***** Records for this exercise *****
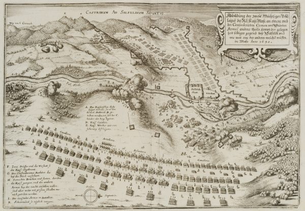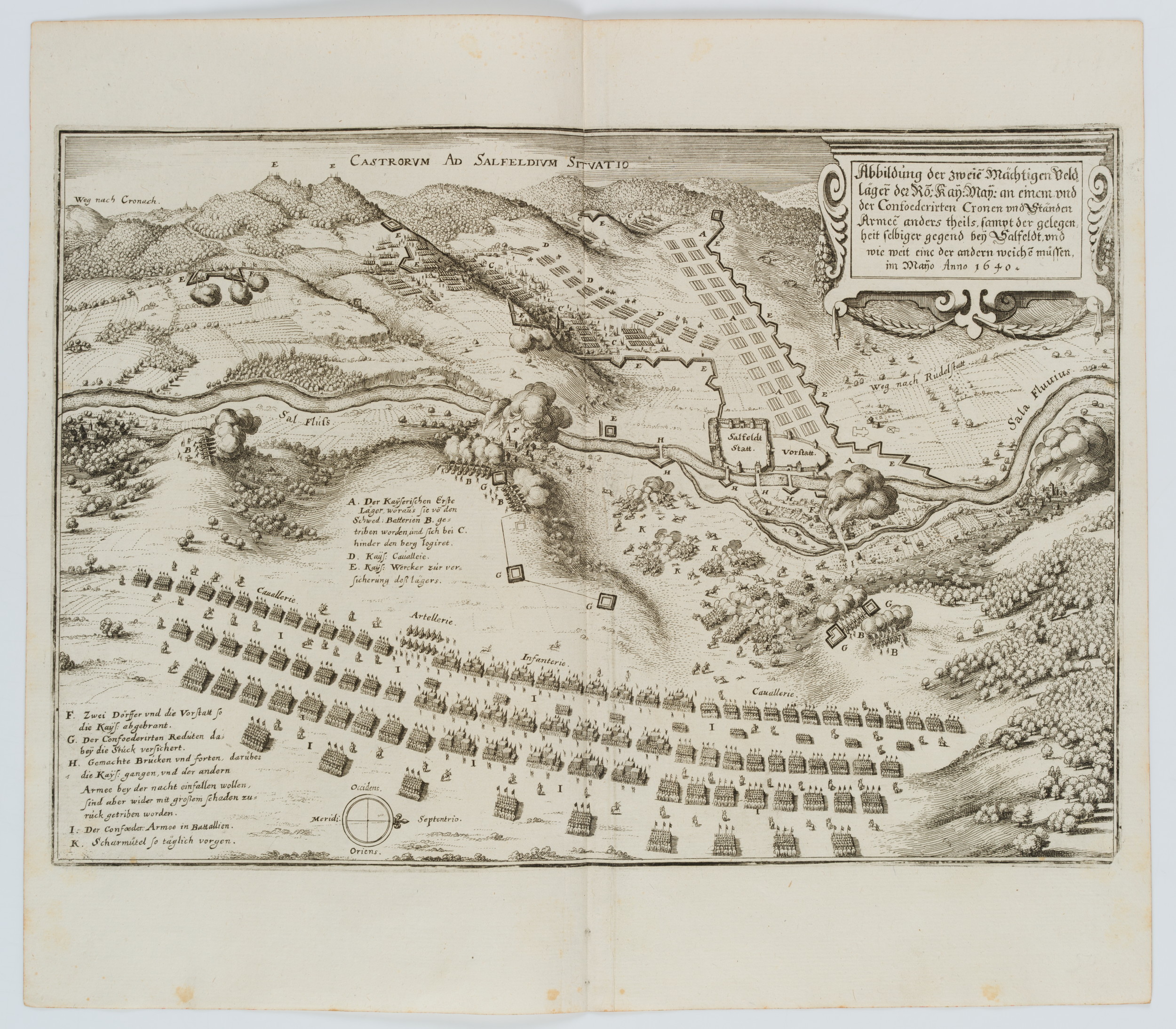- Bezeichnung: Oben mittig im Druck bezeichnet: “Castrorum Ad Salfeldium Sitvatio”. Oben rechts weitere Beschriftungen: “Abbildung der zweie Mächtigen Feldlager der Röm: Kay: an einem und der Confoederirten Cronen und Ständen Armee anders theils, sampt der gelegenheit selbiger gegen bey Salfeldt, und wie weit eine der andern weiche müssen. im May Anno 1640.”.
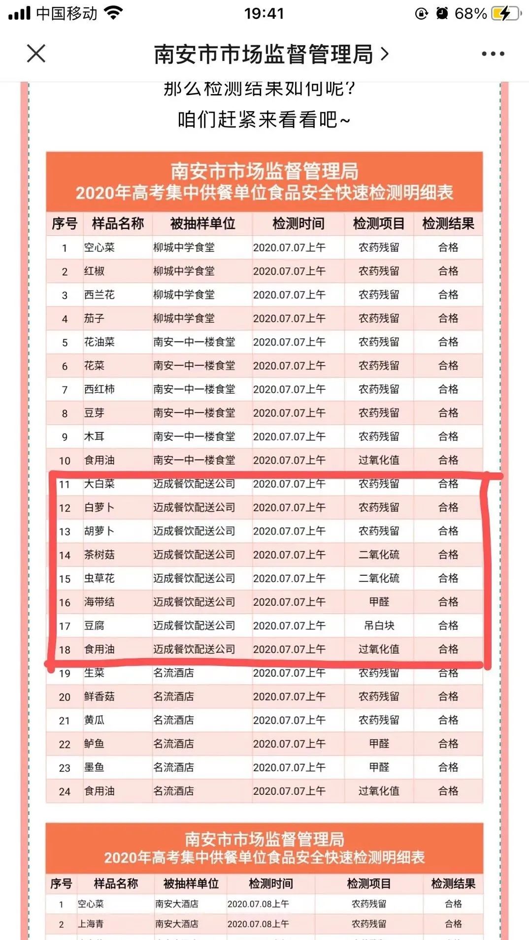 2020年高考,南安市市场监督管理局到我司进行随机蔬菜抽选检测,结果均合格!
*****
***** Records for this exercise *****
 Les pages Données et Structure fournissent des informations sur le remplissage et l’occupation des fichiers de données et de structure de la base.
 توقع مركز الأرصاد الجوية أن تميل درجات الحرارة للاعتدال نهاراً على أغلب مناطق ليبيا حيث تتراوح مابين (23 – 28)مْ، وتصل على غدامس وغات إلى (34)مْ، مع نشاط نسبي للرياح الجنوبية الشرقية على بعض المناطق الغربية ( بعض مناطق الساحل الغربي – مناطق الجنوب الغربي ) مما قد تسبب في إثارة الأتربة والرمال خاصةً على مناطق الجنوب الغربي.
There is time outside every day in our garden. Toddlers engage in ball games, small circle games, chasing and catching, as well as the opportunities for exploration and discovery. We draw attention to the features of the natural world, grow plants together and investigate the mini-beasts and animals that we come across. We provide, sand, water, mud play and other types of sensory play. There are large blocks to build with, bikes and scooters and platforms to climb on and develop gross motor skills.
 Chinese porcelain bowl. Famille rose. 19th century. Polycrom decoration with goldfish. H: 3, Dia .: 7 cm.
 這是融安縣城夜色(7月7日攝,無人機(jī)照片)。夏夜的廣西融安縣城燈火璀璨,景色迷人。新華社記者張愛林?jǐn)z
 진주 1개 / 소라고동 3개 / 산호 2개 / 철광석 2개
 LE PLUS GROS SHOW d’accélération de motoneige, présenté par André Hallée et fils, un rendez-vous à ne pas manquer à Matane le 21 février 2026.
*****
Exercise objective ▸
Reproduce the data above exactly, but only from the line containing "- Bezeichnung: Oben" through the line containing "2020年高考,南安市市场监督管理局到我司进行随机蔬菜抽选检测,结果均合格!". Omit all pictures.

Problem solution ▸
- Bezeichnung: Oben mittig im Druck bezeichnet: “Castrorum Ad Salfeldium Sitvatio”. Oben rechts weitere Beschriftungen: “Abbildung der zweie Mächtigen Feldlager der Röm: Kay: an einem und der Confoederirten Cronen und Ständen Armee anders theils, sampt der gelegenheit selbiger gegen bey Salfeldt, und wie weit eine der andern weiche müssen. im May Anno 1640.”.
 2020年高考,南安市市场监督管理局到我司进行随机蔬菜抽选检测,结果均合格!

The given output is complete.